TASK TO COMPLETE:
Starting at the line that contains "U12 nach dem Erfolg", repeat each line exactly through the last line of the listing, and repeat nothing else.

THE DATA:
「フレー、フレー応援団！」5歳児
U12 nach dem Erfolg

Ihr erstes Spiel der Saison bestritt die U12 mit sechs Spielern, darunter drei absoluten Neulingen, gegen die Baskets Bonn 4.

ANSWER FOR THE TASK:
U12 nach dem Erfolg

Ihr erstes Spiel der Saison bestritt die U12 mit sechs Spielern, darunter drei absoluten Neulingen, gegen die Baskets Bonn 4.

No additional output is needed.